━━━ THE DATA ━━━

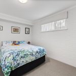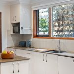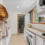 The renovated kitchen serves as the home’s centrepiece, combining bold style with high-end functionality. It is appointed with a black freestanding Belling electric oven and gas cooktop, an Asko dishwasher, and a stone island bench. The bold red glass splashback adds a bit of personality against the sleek cabinetry, which continues through into the adjacent laundry for a cohesive look.
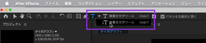 [横書き文字ツール]を長くクリックするとサブツールの[縦書き文字ツール]に切り替えられます。[縦書き文字ツール]を選択して、中央のコンポジションパネル内でクリックし、文字を入力してから[文字パネル]でフォントの種類や大きさ、色を設定します。
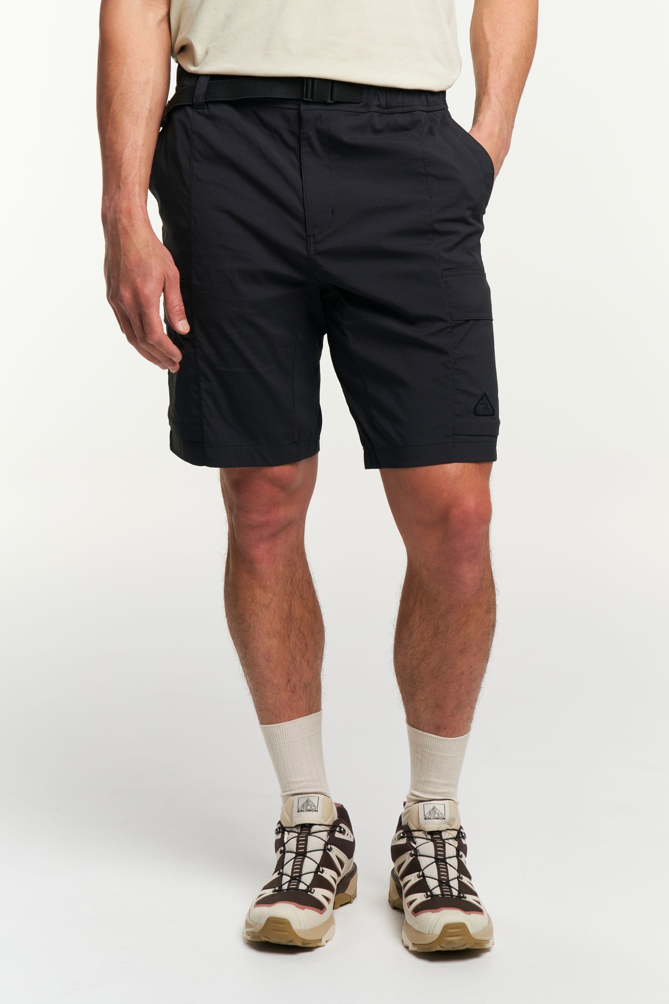 Made in quick drying, recycled stretch ripstop fabric - these travel-friendly Camper cargo shorts feature an adjustable elastic waistband with belt and handy pockets, perfect for everyday wear.
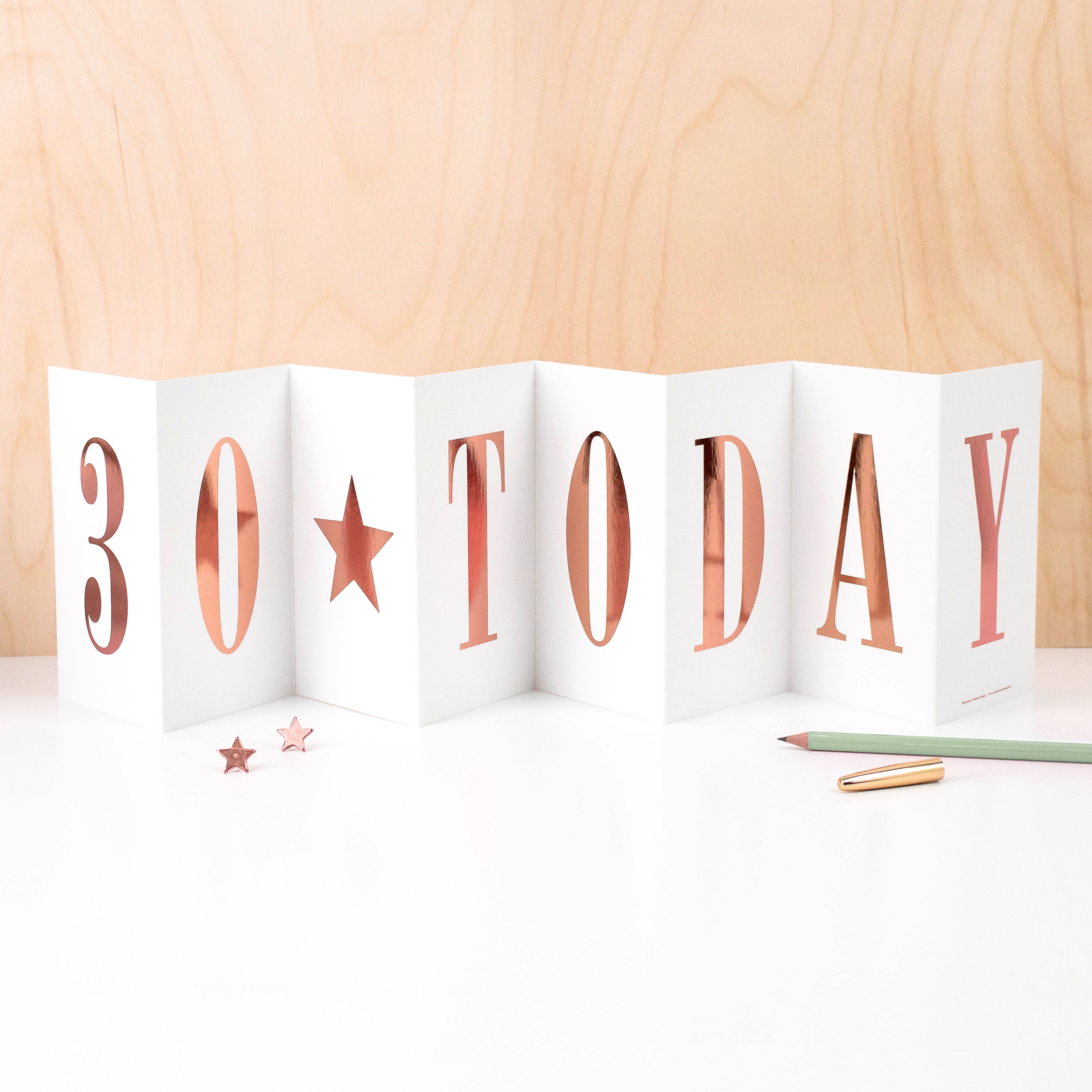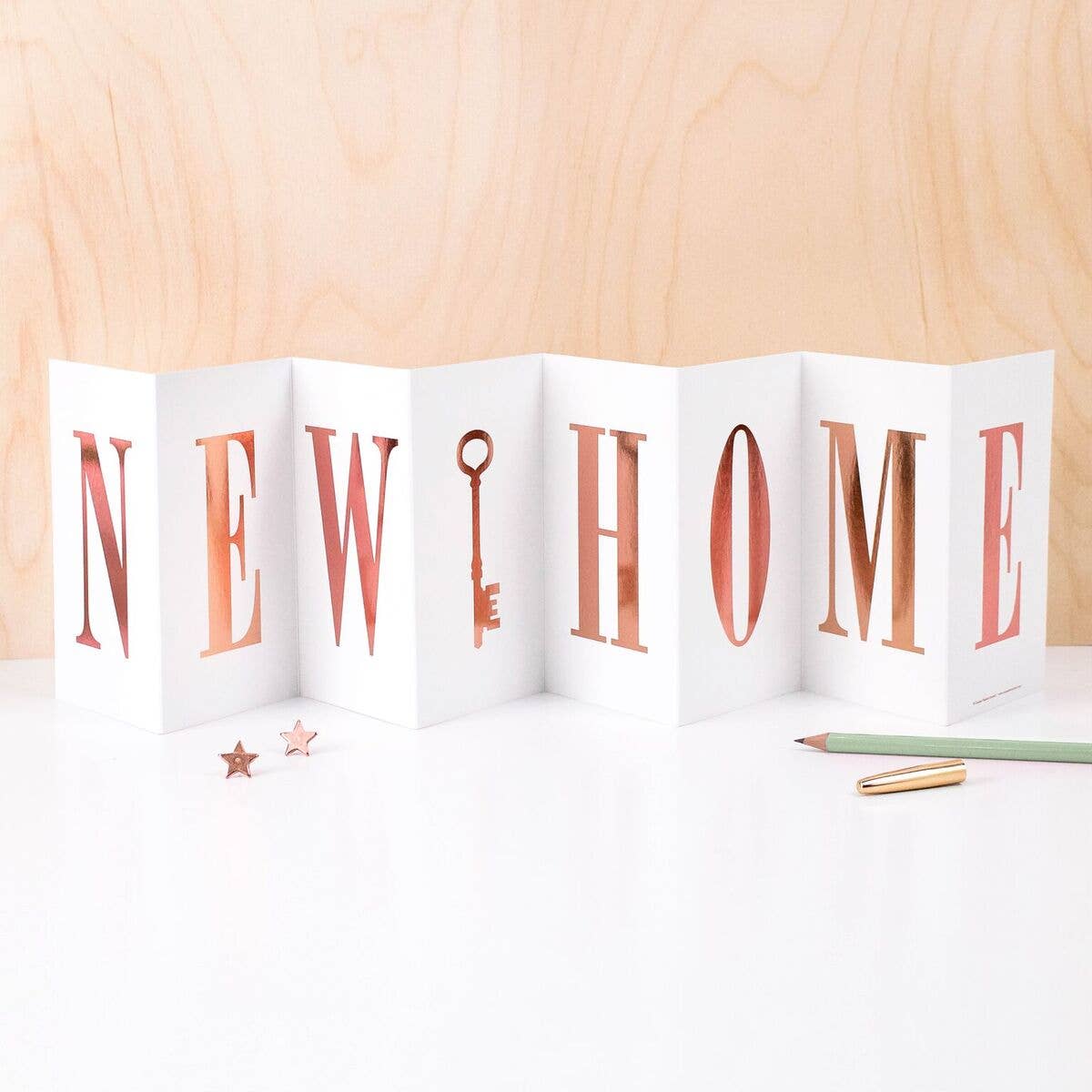 Uncoated heavyweight textured matt card. Rose Gold Foil - 6037. Size when opened: 24" x 5.8". Size when folded: 3.4" x 5.8". Comes with a kraft brown envelope.
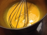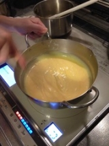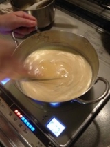 いつものお菓子作りや料理に使う生クリームは タカナシ乳業さん クリームチーズは初めてです 美味しいのでこのまま、パンやクラッカーに乗せて 頂きたいですね 今回は生クリーム(35)&北海道クリームチーズを使って 家族も大好き チョコとクリームの二層のチーズケーキにしました 今回は(6号サイズ1台分) タルト皿にグラハムクッキーなどお好みの物を砕いて、バターと冷やし固めて準備しておきます 生クリームはホイッパーで泡立てておきます 美味しいカスタードクリームを作ります 卵黄3個位 お砂糖50g 強力粉20g ゼラチン全体の2%ぐらい 邪道なやり方ですが、失敗しない方法は 火にかける前に全ての材料をホイッパーでよく混ぜておく 牛乳50CCにバニラビーンズ(無ければエッセンス、オイルでもOK)を入れて 中火にかけて、鍋底がこげつかない様に混ぜ続ける 段々トロトロになって来ますが、温度計で一旦85度くらいまでは上げて下さい (卵の殺菌です) 火から下ろして、温かいうちに湿潤しておいたゼラチンお好みでバター、リキュール(私はキルッシュ、コアントローなどが好きです) このカスタードは本当に美味しいですよ〜濃厚で 冷凍もできますので、時間がある時に作っておくと、シュークリーム、タルトなど色々使えて便利 クリームチーズは室温で柔らかくしておきます 『タカナシ北海道クリームチーズ』初めて使いましたが 柔らかくなめらかで、とっても使い易いです カスタードクリーム、柔らかくしておいたクリームチーズ、ホイップしたクリーム全てを混ぜます(温度を同じくらいにして下さい) 今回は4分の1くらいにココアを混ぜチョコ生地にし、2層にしてみました(完成図の断面) このままチーズだけでも充分美味しいです 準備しておいたタルト皿にタルトリングを乗せて 上記を流し入れ、冷凍庫で固めます (冷蔵でも良いのですが、タルトリングを外す時に冷凍の方が綺麗に抜けます) お客様の時など、冷蔵庫がいっぱいで大変だーって事もあると思いますが 少し室温でおいて、丁度食べごろと言うのも便利です と良いながらあまり綺麗にできませんでしたが(笑) 仕上げに、ホワイトチョコを削って雪を降らせ サンタにもみの木でクリスマスケーキに如何でしょうか? タカナシ乳業ファンクラブファンサイト参加中 続きを見る ['close']
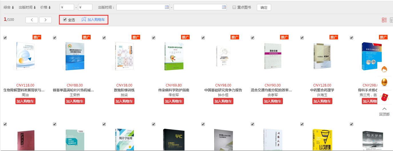1.1、系统可按图书的出版时间、定价排序。也可按价格区间、出版时间段、重点图书【即图书馆关注的重点出版社】进行筛选。
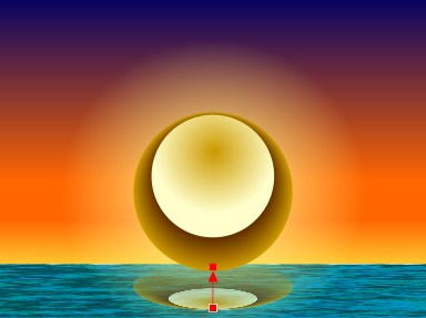 Position the bitmap reflection and the gold sphere over the background as shown. Select the bitmap reflection and using the Transparency Tool (the wine glass button) apply a Linear Transparency, Mix. Make the bottom value 10% (using the slider on the Property bar) and the top value 100% (totally transparent).
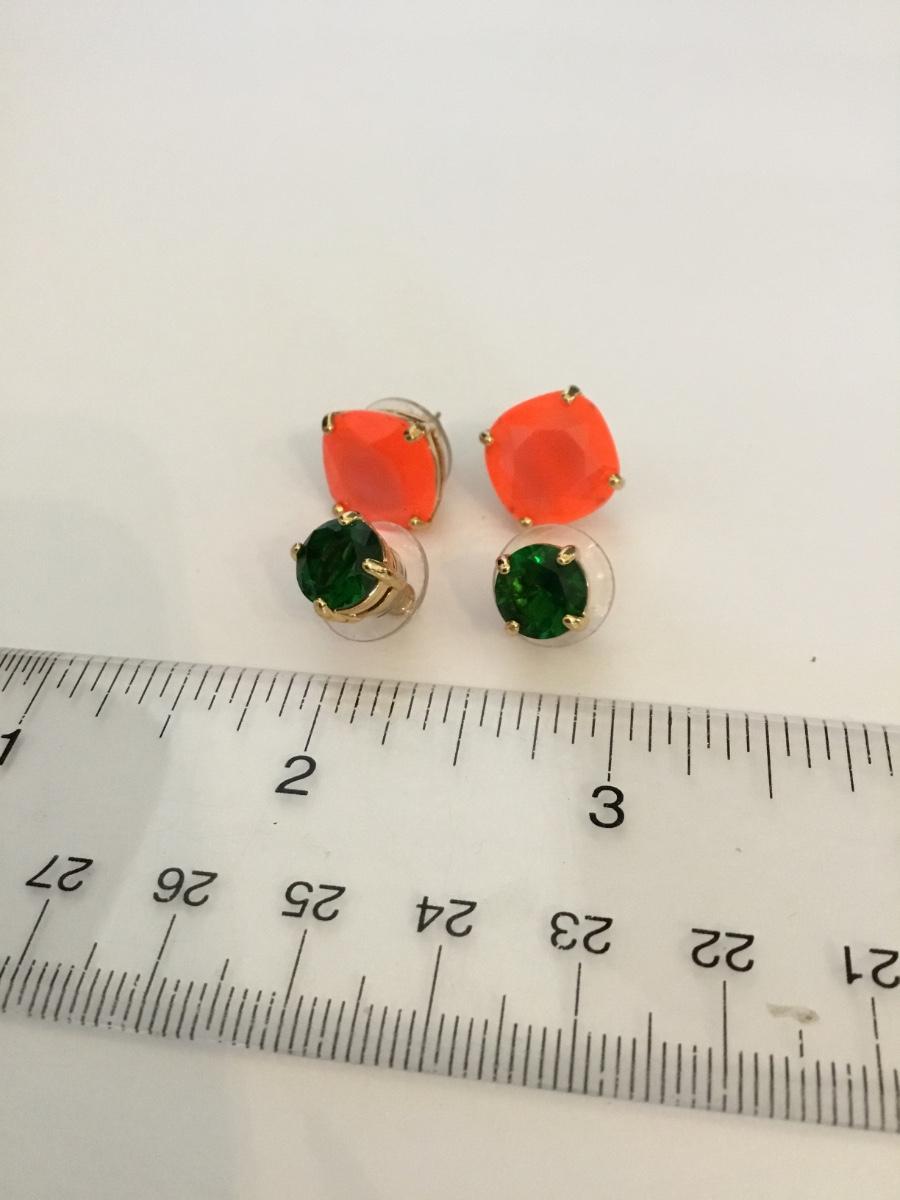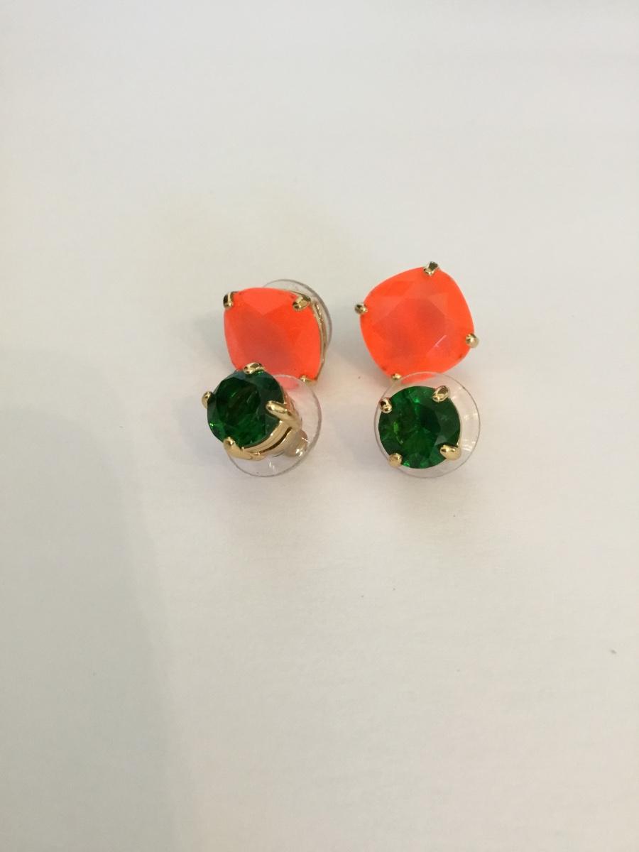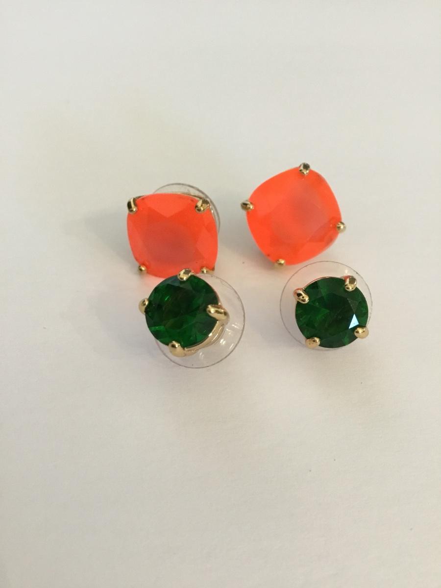 Super cute highlighter, orange, large and emerald green rhinestone stud earrings
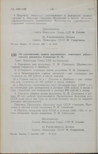 Постановление Совета Министров СССР. Об увековечении памяти крупнейшего советского ученого-геолога академика Степанова П. И. 2 сентября 1947 г. № 3114
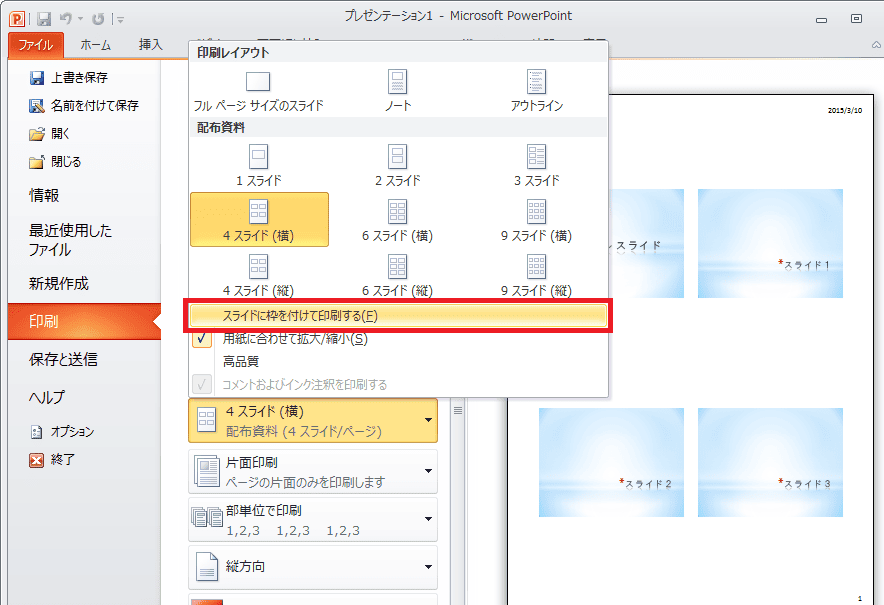 配布資料を印刷するときにスライドの枠線を出さないで印刷するOfficeヘルプの森。

━━━

Copy exactly, without pictures, the lines above from the one with "Made in quick" down to the one with "Uncoated heavyweight textured", inclusive.

RESPONSE TO THIS EXERCISE ->
 Made in quick drying, recycled stretch ripstop fabric - these travel-friendly Camper cargo shorts feature an adjustable elastic waistband with belt and handy pockets, perfect for everyday wear.
 Uncoated heavyweight textured matt card. Rose Gold Foil - 6037. Size when opened: 24" x 5.8". Size when folded: 3.4" x 5.8". Comes with a kraft brown envelope.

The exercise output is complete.